Adventures in the Egyptian Museum - Al-Ahram Weekly


http://weekly.ahram.org.eg/News/19015/47/Adventures-in-the-Egyptian-Museum.aspx
29-11-2016 11:53AM ET

Adventures in the Egyptian Museum

What lies hidden in the basement maze of Cairo's Egyptian Museum, asks Zahi Hawass

I have always dug in sand, and this is where I have made my most important discoveries, such as the Valley of the Golden Mummies in the Bahariya Oasis and the Tombs of the Pyramid Builders at Giza. But one day I became interested in digging in a new place, a place without sand – the basement of the Egyptian Museum in Tahrir Square in Cairo.

There is a maze of corridors lying under the museum. For decades, no one knew what was hidden down there: Boxes of all sorts of treasures discovered by foreign and Egyptian expeditions were brought in and stored there over the years without the proper recording of the artefacts. There were objects of stone and wood, mummies, and even objects made of precious metals. But no one knew exactly what was down there. It was said among scholars that anything sent down to the basement of the museum would be lost forever.

At the beginning of my career I excavated at Kom Abu Billo, an important site in the Delta. I worked there for nine years from 1970 until 1979. We discovered a great cemetery from the Graeco-Roman period, where many of the people interred were devotees of the goddess Isis-Aphrodite, the Egyptian-Greek goddess of beauty and love. Near the cemetery was a temple to the god Apollo. We had begun excavations at this site because a grand canal five km long was being dug through the desert. So we had to excavate along the designated route. Each year, I took a truck to the Egyptian Museum full of boxes packed with jewellery, especially bracelets, and gold amulets, stelae and 12 beautiful statues of the goddess Isis-Aphrodite.

When I came to Cairo much later, I tried to find these artefacts in the museum, but no one could tell me where they were. When I became head of Egypt's Antiquities Service in 2002, which coincided with the centennial of the museum, I decided to deal with the issue myself. I asked Mamdouh Eldamaty, the then director of the museum, to begin clearing out the basement and opening the various boxes to see what was inside them. We cleaned out several basement galleries on the west side of the museum and turned them into an exhibition area. The first exhibition held here was of treasures found in the basement of the building, along with objects from storerooms around the country and exhibits from overcrowded showcases in the museum itself. We called the exhibition, which consisted of about 250 objects, "Hidden Treasures," and it was a great success.

The clearing of the basement has been ongoing since then, and it has become an important project in its own right with specially chosen curators inspecting and recording each of the objects found. The heroine of this work was curator Sabah Abdel-Razik, who spent most of her time in the basement. We are now in the process of building a new inventory database for the museum where all these objects, along with their exact locations, will be recorded.  This project was begun under Janice Kamrin, now a curator at the Metropolitan Museum in New York, assisted by Yasmine Al-Shazli. We expect that all the objects in the basement will be in the new database. This will bring enormous changes, and it will help to take the museum into the new millennium.
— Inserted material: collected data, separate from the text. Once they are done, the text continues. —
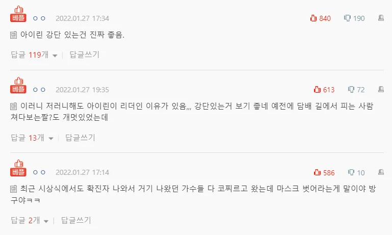 해당 사건은 각종 온라인 커뮤니티에 올라왔고, 글쓴이는 “하도 난리쳐서 벗었지만 레드벨벳 기분 안 좋을 것 같다. 이 시국에 레드벨벳한테 마스크 벗으라고 한 기자들이 문제 아니냐”고 지적했다.
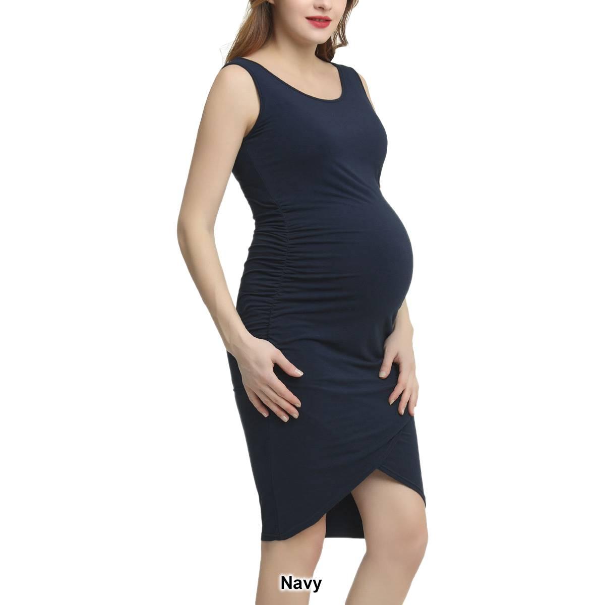 This classic Womens Glow & Grow® maternity tank dress is given a subtle yet chic update. Featuring a tulip hemline that adds a little bit of fashionable flare and is ruched along the side seam to flatter a growing bump.
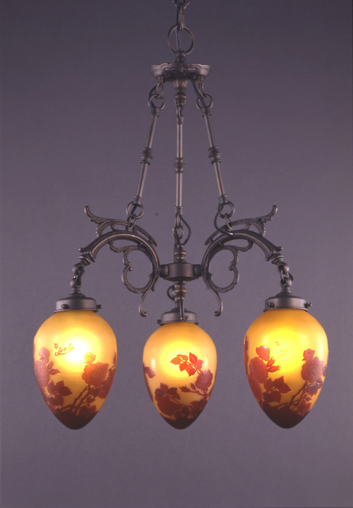 アールヌーボー/ガレ風チェーン吊り3灯シャンデリア AGL-0113DB-11

Many interesting discoveries have been made in the treasure trove beneath the museum, including artefacts that no one could have imagined. A beautiful mummy encased in cartonnage belonging to Djed-Khonsu, son of Neskhonsu, and dating from the 22nd and 23rd Dynasties, has been found, for example. This has important religious scenes in vibrant colours on it, and the mummy's face is very impressive. Unfortunately, we do not know who found it, or where it was found. This information has been lost in the maze of corridors below the museum.

Another discovery is a wooden statuette of a man wearing a short kilt and a short wig, and in this case we know that it was found in Saqqara. The curators have also found a painted ushabti box used to hold small funerary statuettes that were designed to work in the afterlife in the place of the deceased person. They have also come across some wooden statues that I myself found in my excavations at the Teti Pyramid cemetery at Saqqara fewer than ten years ago that had been lost among thousands of pots and boxes. Other special finds have included a unique vase bearing the name of the pharaoh Horemheb from a foundation deposit at Karnak.

The most important treasures in the basement are the coffins and mummies of the priests and priestesses of the Late Period. I believe that the Ministry of Antiquities should create an exhibition at the museum to display these coffins and mummies that have never been shown to the public before, and after that the exhibition should be a part of the new Grand Egyptian Museum.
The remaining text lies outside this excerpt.